Task brief: Extract each line of the material that follows exactly and omit its pictures.

Dataset section:

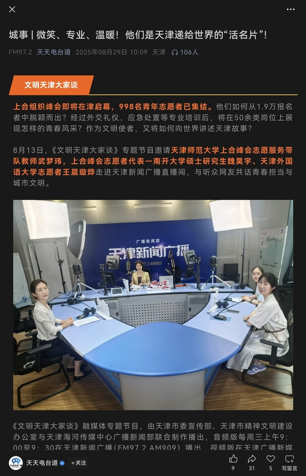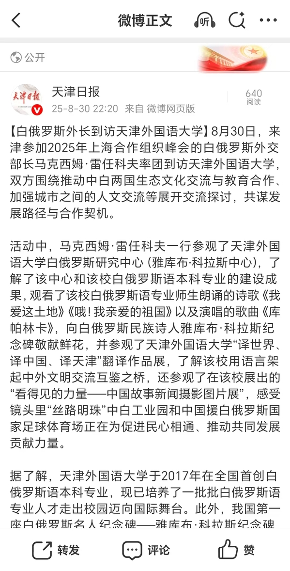 【相约上合】《天津日报》上合峰会专版、视频号、官方微博报道白俄罗斯外长到访我校全文转载如下:【白俄罗斯外长到访8868平台_8868(中国)一站式服务平台】8月30日,来津参加2025年上海合作组织峰会的白俄罗斯外交部长马克西姆·雷任科夫率团到访8868平台_8868(中国)一站式服务平台,双方围绕推动中白两国生态文化交流与教育合作、加强城市之间的人文交流等展开交流探讨,共谋发展路径与合作契机。活动中,马克西姆·雷任科夫一行参观了8868平台_8868(中国)一站式服务平台白俄罗斯研究中心(雅库布∙科拉斯中心),了解了该中心和该校白俄罗斯语本科专业的建设成果,观看了该校白俄罗斯语专业师生朗诵的诗歌《我爱这土地》《哦!我亲爱的祖国》以及演唱的歌曲《库帕林卡》,向白俄罗斯民族诗人雅库布
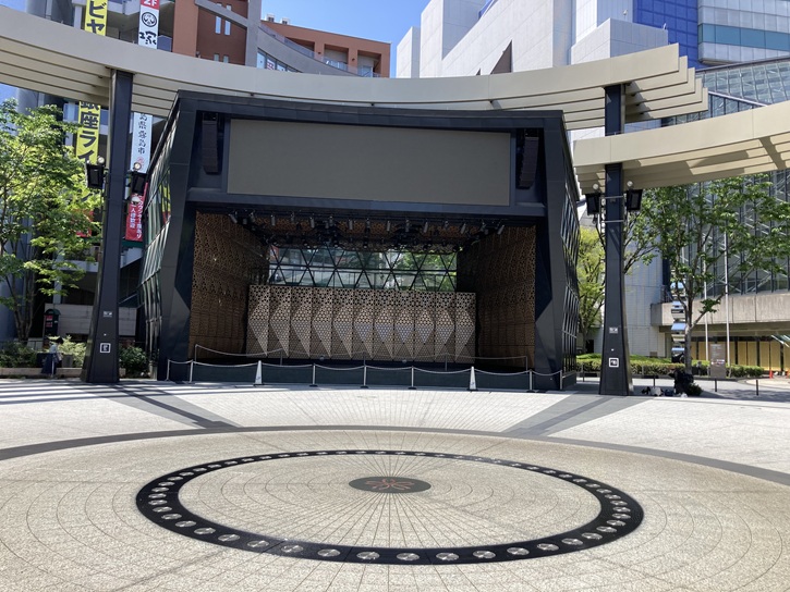 演劇に対応した幅11.8メートル・奥行き5.4メートルの野外ステージ「グローバルリング シアター」やその上部の大型ビジョンも設置されました。これは地元の立教大学卒業生と池袋西口商店街連合会の働きかけにより、区内の商工団体などで構成された「元気な豊島をつくる会」によって建てられ、区に寄贈されたものです。平成十六年(2004年)3月に同会によって開閉式ルーフも寄贈され、雨天でも催しを行うことが可能になりました。舞台棟には演奏音を50%だけ反射する反射板などを用いて、屋外では難しいとされるクラシックの生コンサートを可能にした他、大型サイネージや1万個以上のLED照明・スピーカー・ライブカメラを備え、様々なアクティビティにも対応しています。
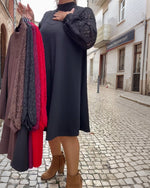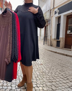 SPECIFICATIONS Style: Casual Material: Cotton Blends Dress Type: Shift dress Dress Length: Midi Neckline: Round Neck Pattern Type: Sequin Sleeve Type: Regular sleeve Sleeve Length: Long Sleeve Details: Patchwork Fit Type: Loose Season: Fall Occasion: Daily Package Includes: 1 x Dress SIZE TABLE Size  Bust  Length CM INCH CM INCH S...

Answer for this exercise:
 【相约上合】《天津日报》上合峰会专版、视频号、官方微博报道白俄罗斯外长到访我校全文转载如下:【白俄罗斯外长到访8868平台_8868(中国)一站式服务平台】8月30日,来津参加2025年上海合作组织峰会的白俄罗斯外交部长马克西姆·雷任科夫率团到访8868平台_8868(中国)一站式服务平台,双方围绕推动中白两国生态文化交流与教育合作、加强城市之间的人文交流等展开交流探讨,共谋发展路径与合作契机。活动中,马克西姆·雷任科夫一行参观了8868平台_8868(中国)一站式服务平台白俄罗斯研究中心(雅库布∙科拉斯中心),了解了该中心和该校白俄罗斯语本科专业的建设成果,观看了该校白俄罗斯语专业师生朗诵的诗歌《我爱这土地》《哦!我亲爱的祖国》以及演唱的歌曲《库帕林卡》,向白俄罗斯民族诗人雅库布
 演劇に対応した幅11.8メートル・奥行き5.4メートルの野外ステージ「グローバルリング シアター」やその上部の大型ビジョンも設置されました。これは地元の立教大学卒業生と池袋西口商店街連合会の働きかけにより、区内の商工団体などで構成された「元気な豊島をつくる会」によって建てられ、区に寄贈されたものです。平成十六年(2004年)3月に同会によって開閉式ルーフも寄贈され、雨天でも催しを行うことが可能になりました。舞台棟には演奏音を50%だけ反射する反射板などを用いて、屋外では難しいとされるクラシックの生コンサートを可能にした他、大型サイネージや1万個以上のLED照明・スピーカー・ライブカメラを備え、様々なアクティビティにも対応しています。
 SPECIFICATIONS Style: Casual Material: Cotton Blends Dress Type: Shift dress Dress Length: Midi Neckline: Round Neck Pattern Type: Sequin Sleeve Type: Regular sleeve Sleeve Length: Long Sleeve Details: Patchwork Fit Type: Loose Season: Fall Occasion: Daily Package Includes: 1 x Dress SIZE TABLE Size  Bust  Length CM INCH CM INCH S...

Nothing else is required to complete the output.